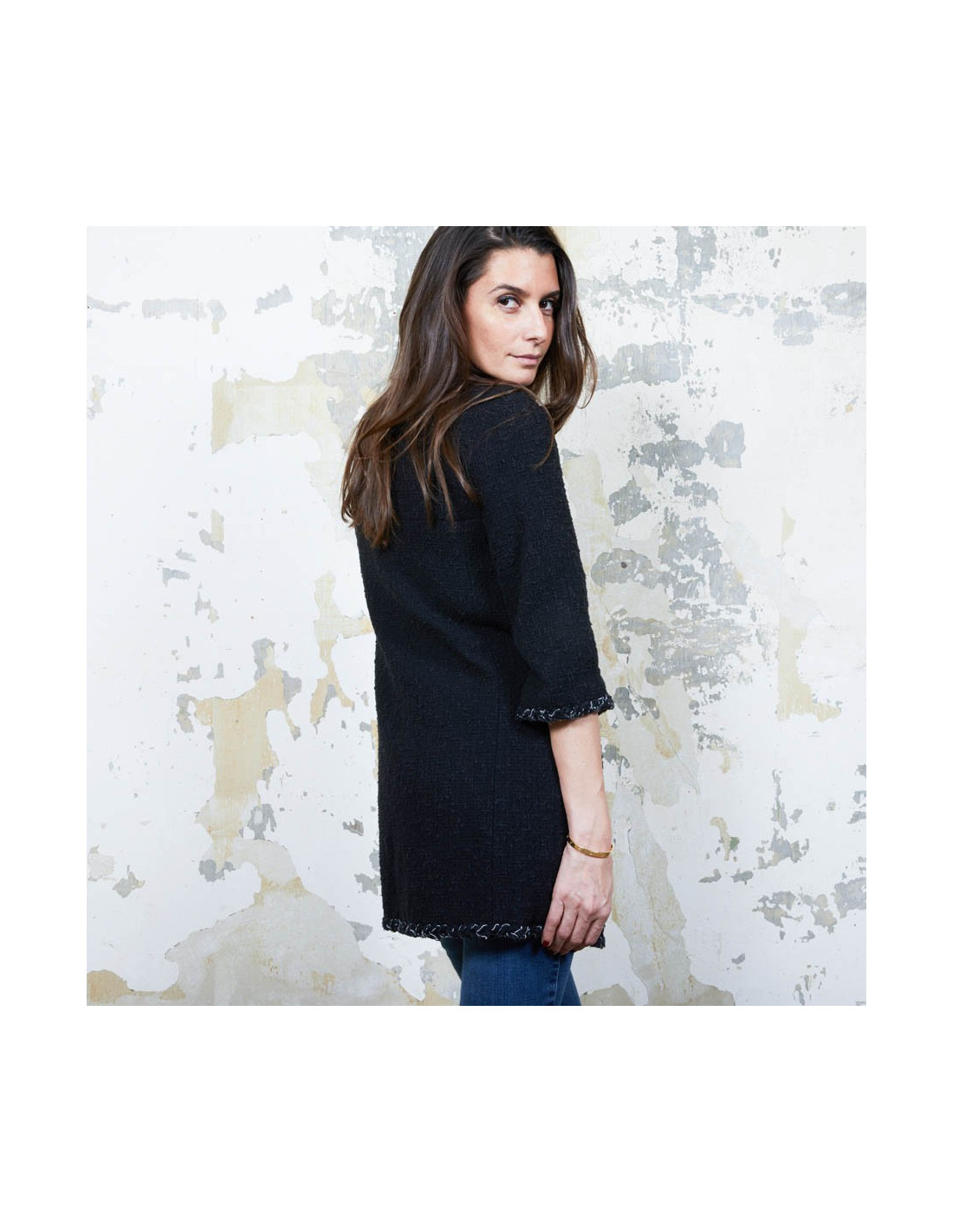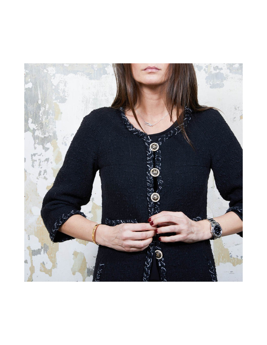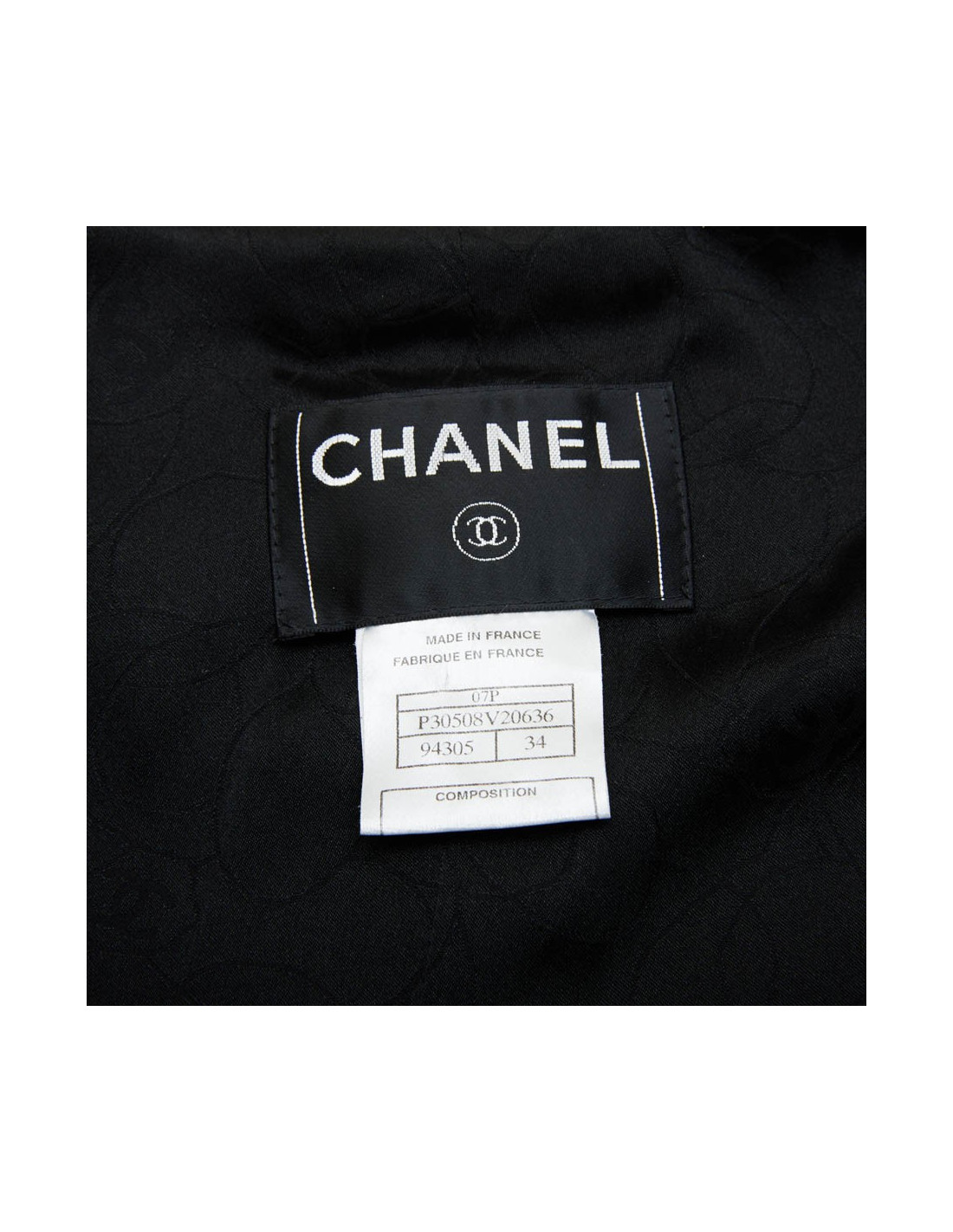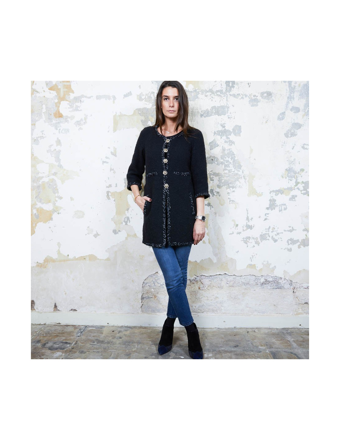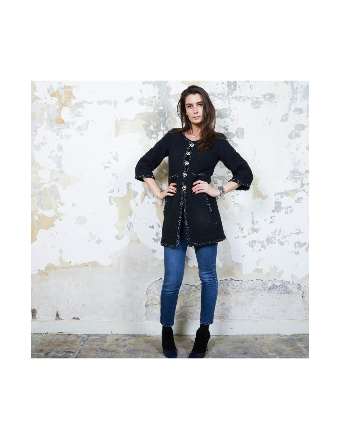 Iconic Chanel long jacket in black tweed. Spring 2007 collection. Made in France. Size 34
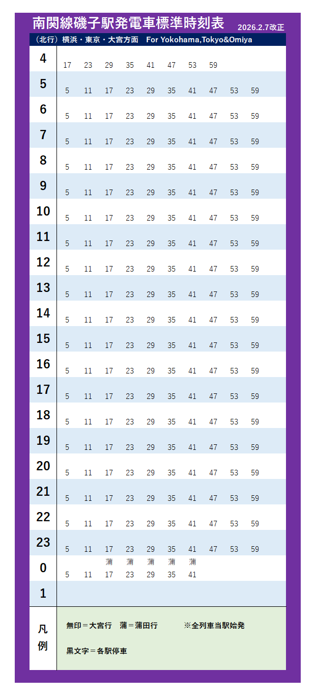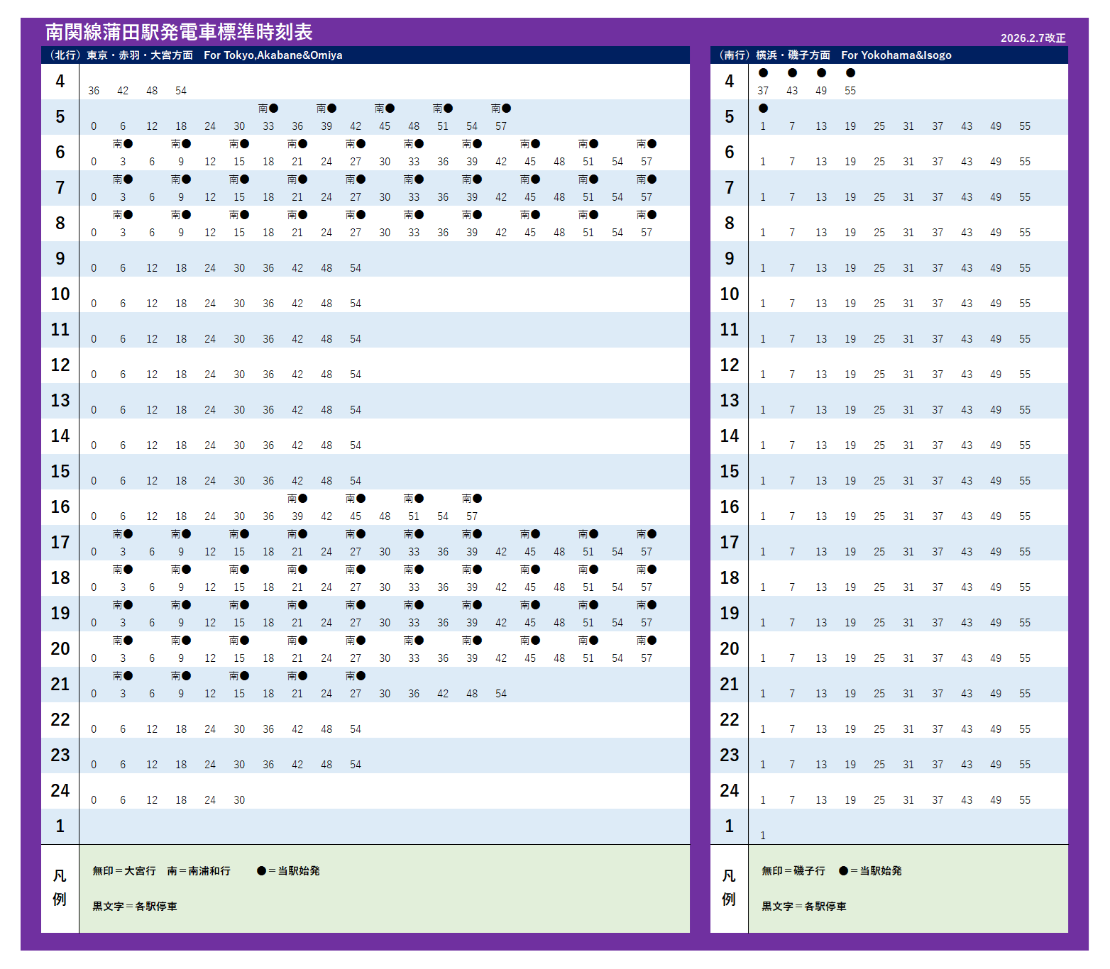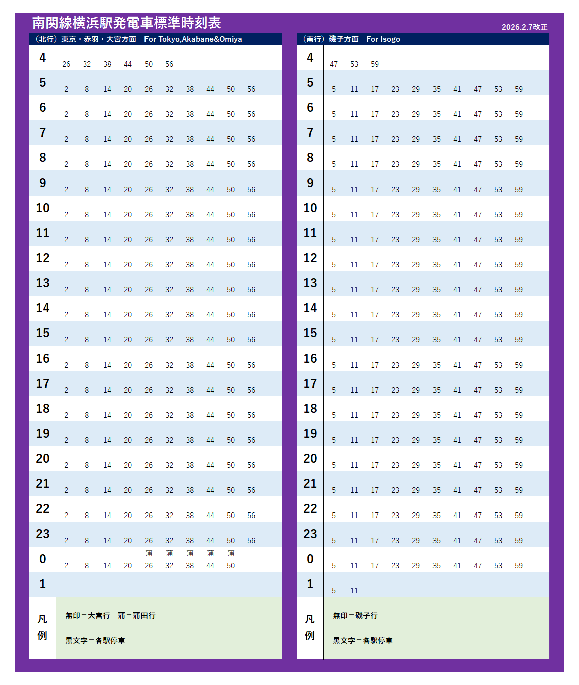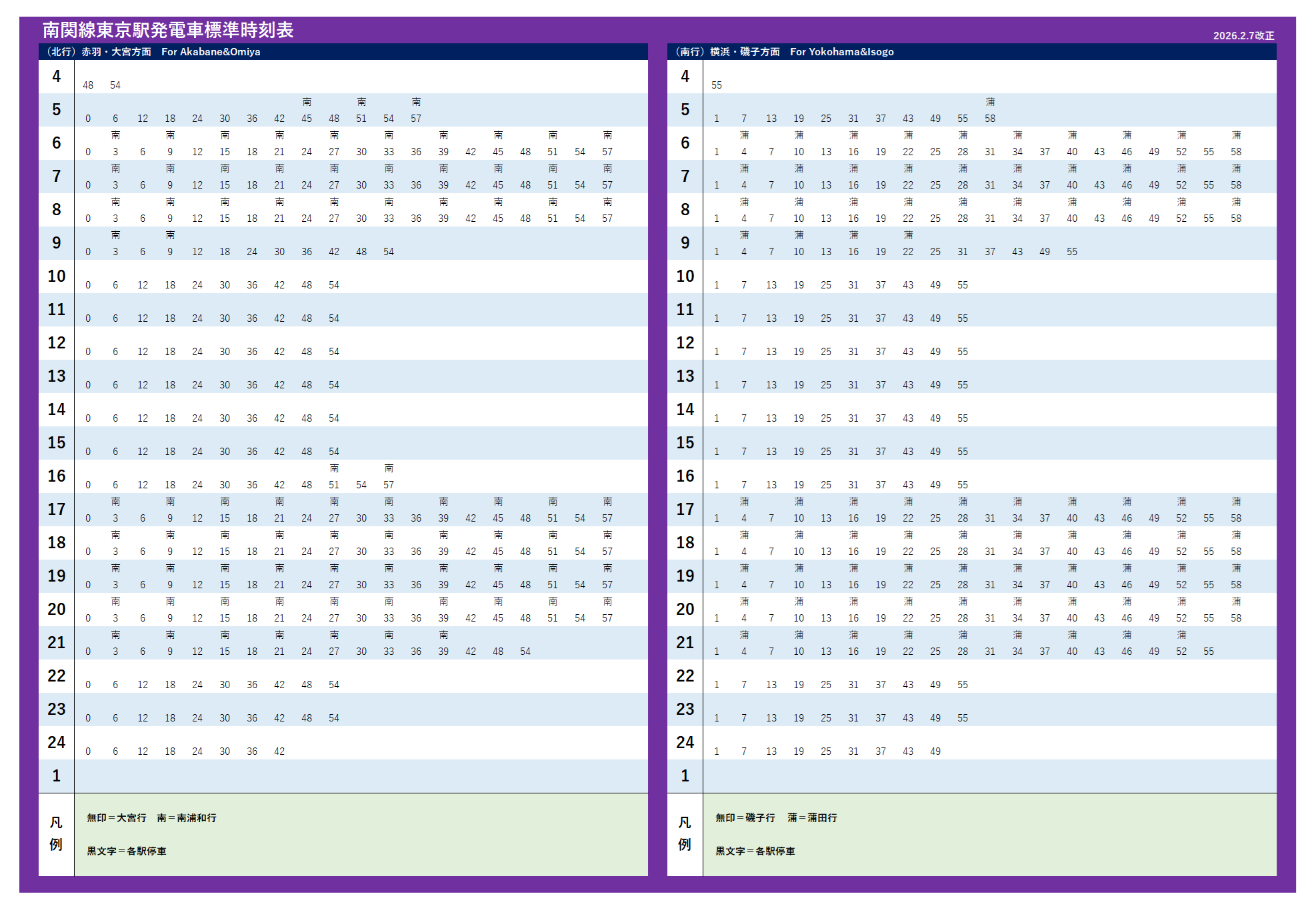 | 南関線(2026年2月7日改正) | |||||||
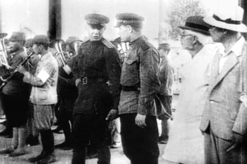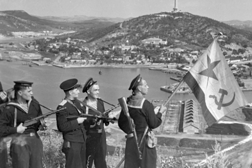 다롄시 인근에 있는 뤼순의 해군 기지를 점령한 소련 해군 병사들.
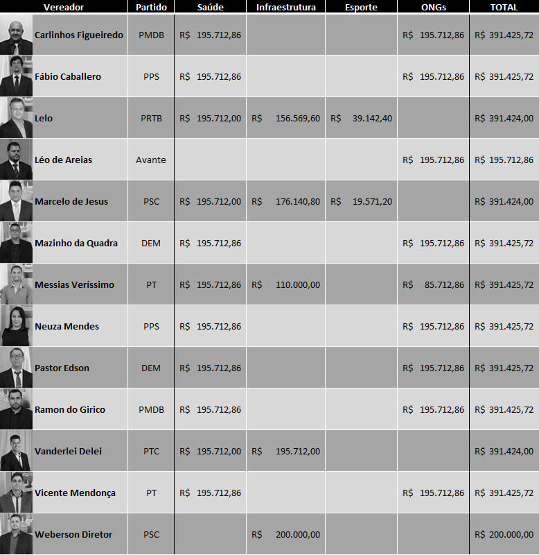 • Veja como cada vereador destinou as verbas da emenda parlamentar impositiva
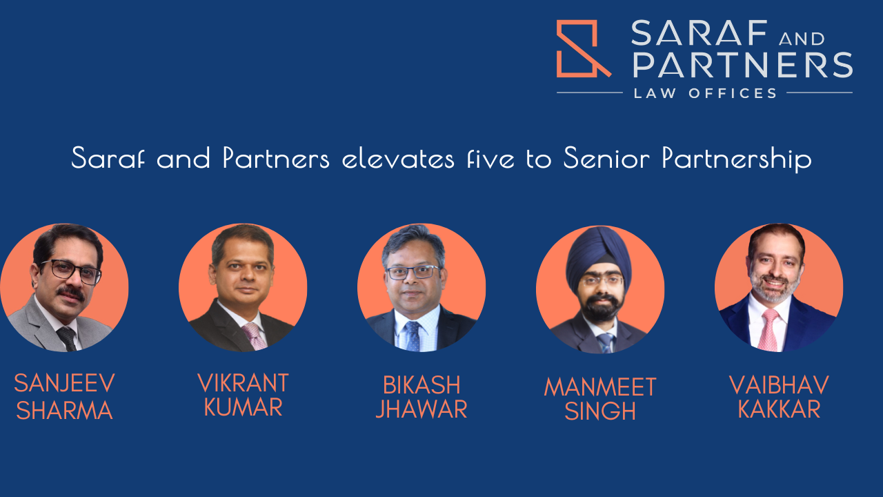 Saraf and Partners announced the elevation of five partners to Senior Partners. The promotion is a recognition of their outstanding performance, commitment, and contribution to the growth and success of the firm.
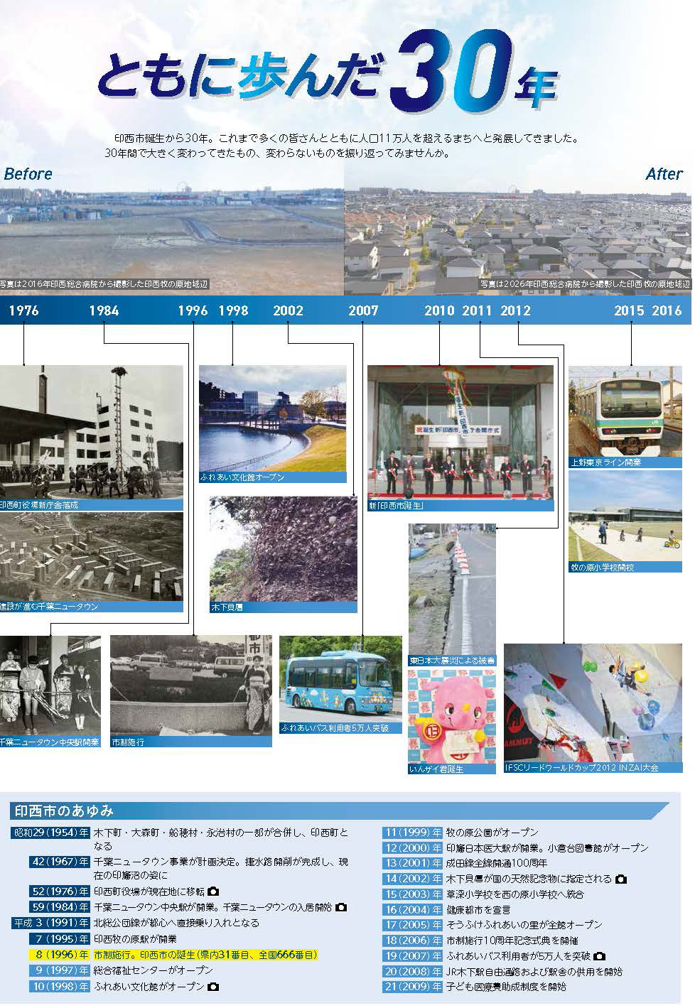印西市は、平成8年の市制施行から30周年という節目を迎えます。
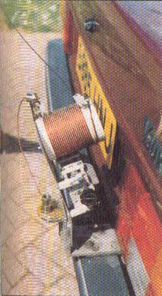 Для начала, я решил попробовать полуволновый вибратор на 80-метровый диапазон, выполненный из провода диаметром 0, 6 мм в пластиковой изоляции. Я понимал, что питаемая напряжением полуволновая антенна, в моих условиях, будет лучшей DX-антенной, поскольку будут устранены потери в земле, присущие мобильной работе. Я разработал простое согласующее устройство - тюнер, расположил его на задней панели автомобиля у бампера (см. фото). Антенна и бечева змея были прикреплены к платформе змея, внизу – бечева была закреплена на одной из дверных петель автомобиля, а антенна - прямо к согласующему устройству.
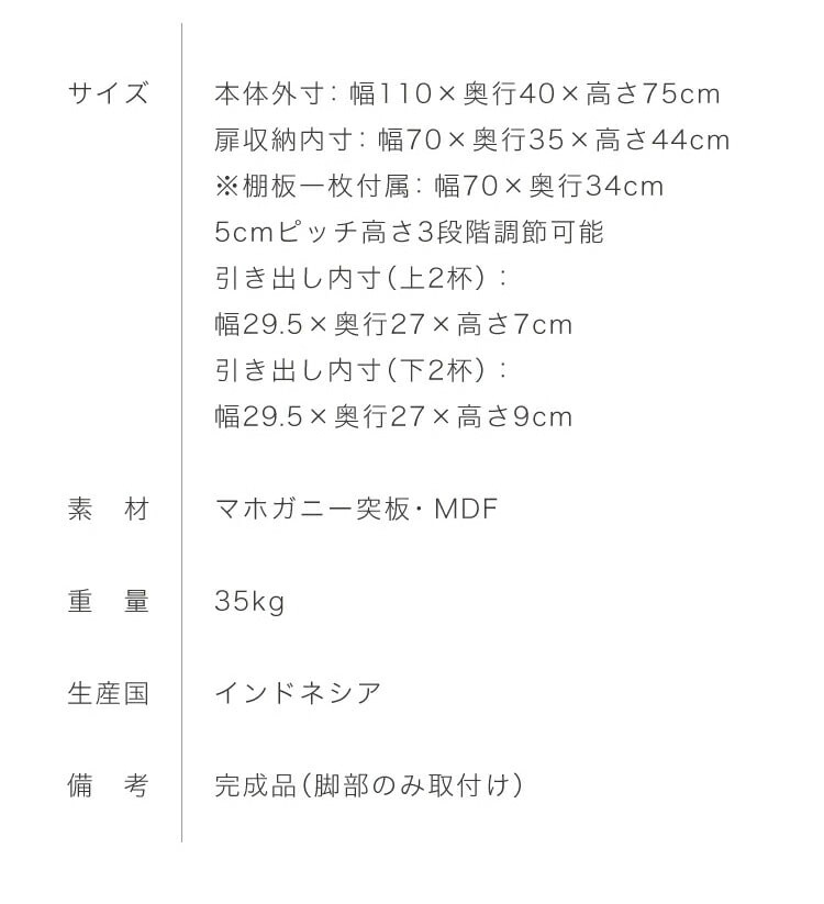 本体外寸:幅110×奥行40×高さ75cm
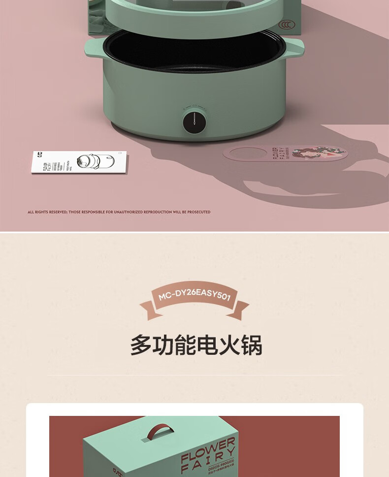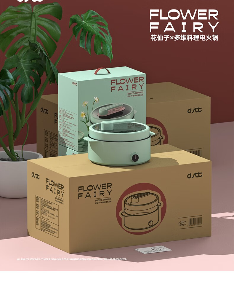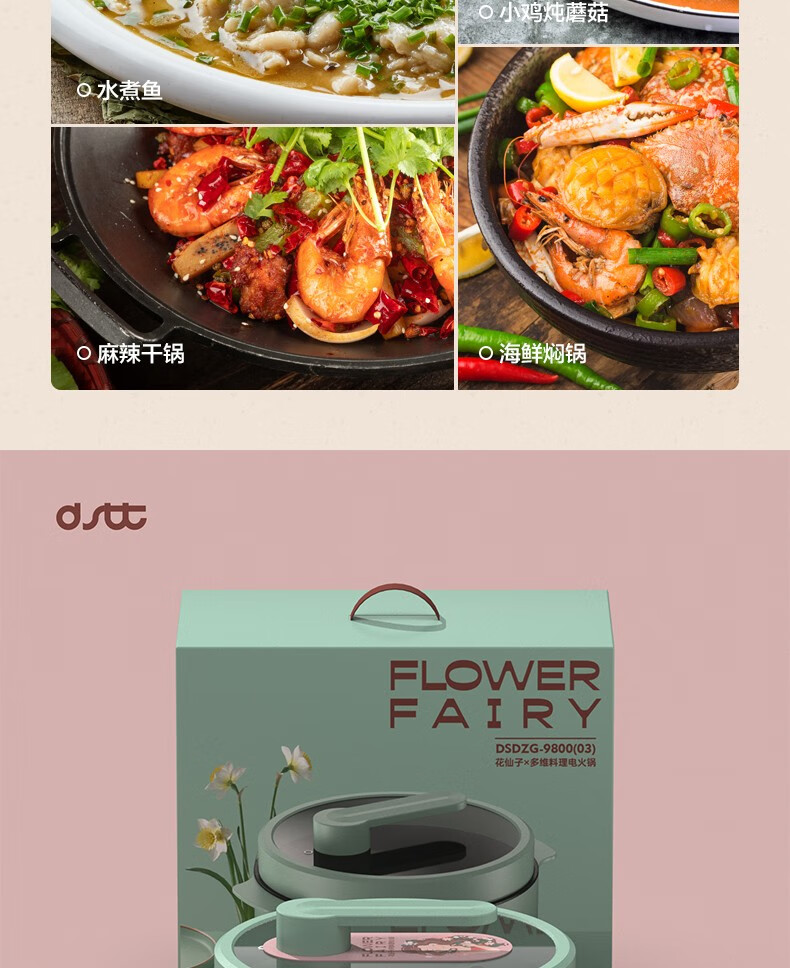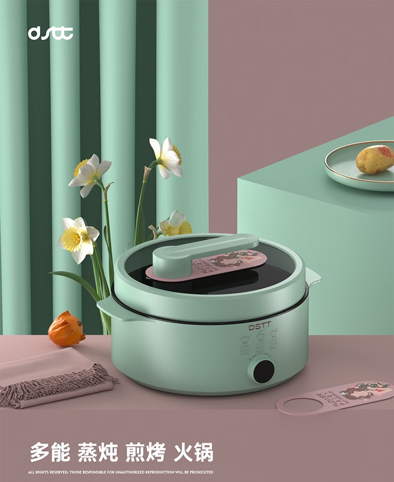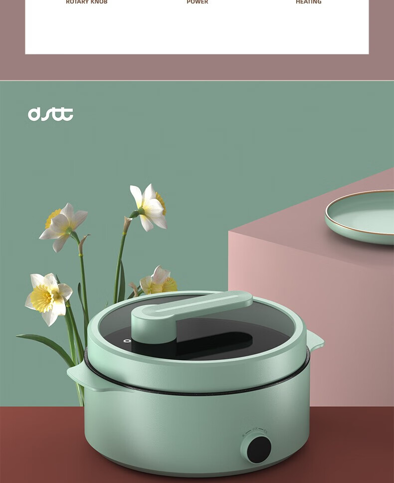 都市太太(DStt)_都市太太花仙子电火锅锅家用电锅专用煎炒菜煮锅炒锅多功能涮烤一体电热锅_草绿色

**********

*WHAT TO WORK ON*:
Pictures must be left out of the answer, which should be exactly the lines from the one holding "emenda parlamentar impositiva" through the last line of the entries above, both included; please add nothing.

*RESPONSE TO THIS EXERCISE*:
 • Veja como cada vereador destinou as verbas da emenda parlamentar impositiva
 Saraf and Partners announced the elevation of five partners to Senior Partners. The promotion is a recognition of their outstanding performance, commitment, and contribution to the growth and success of the firm.
印西市は、平成8年の市制施行から30周年という節目を迎えます。
 Для начала, я решил попробовать полуволновый вибратор на 80-метровый диапазон, выполненный из провода диаметром 0, 6 мм в пластиковой изоляции. Я понимал, что питаемая напряжением полуволновая антенна, в моих условиях, будет лучшей DX-антенной, поскольку будут устранены потери в земле, присущие мобильной работе. Я разработал простое согласующее устройство - тюнер, расположил его на задней панели автомобиля у бампера (см. фото). Антенна и бечева змея были прикреплены к платформе змея, внизу – бечева была закреплена на одной из дверных петель автомобиля, а антенна - прямо к согласующему устройству.
 本体外寸:幅110×奥行40×高さ75cm
 都市太太(DStt)_都市太太花仙子电火锅锅家用电锅专用煎炒菜煮锅炒锅多功能涮烤一体电热锅_草绿色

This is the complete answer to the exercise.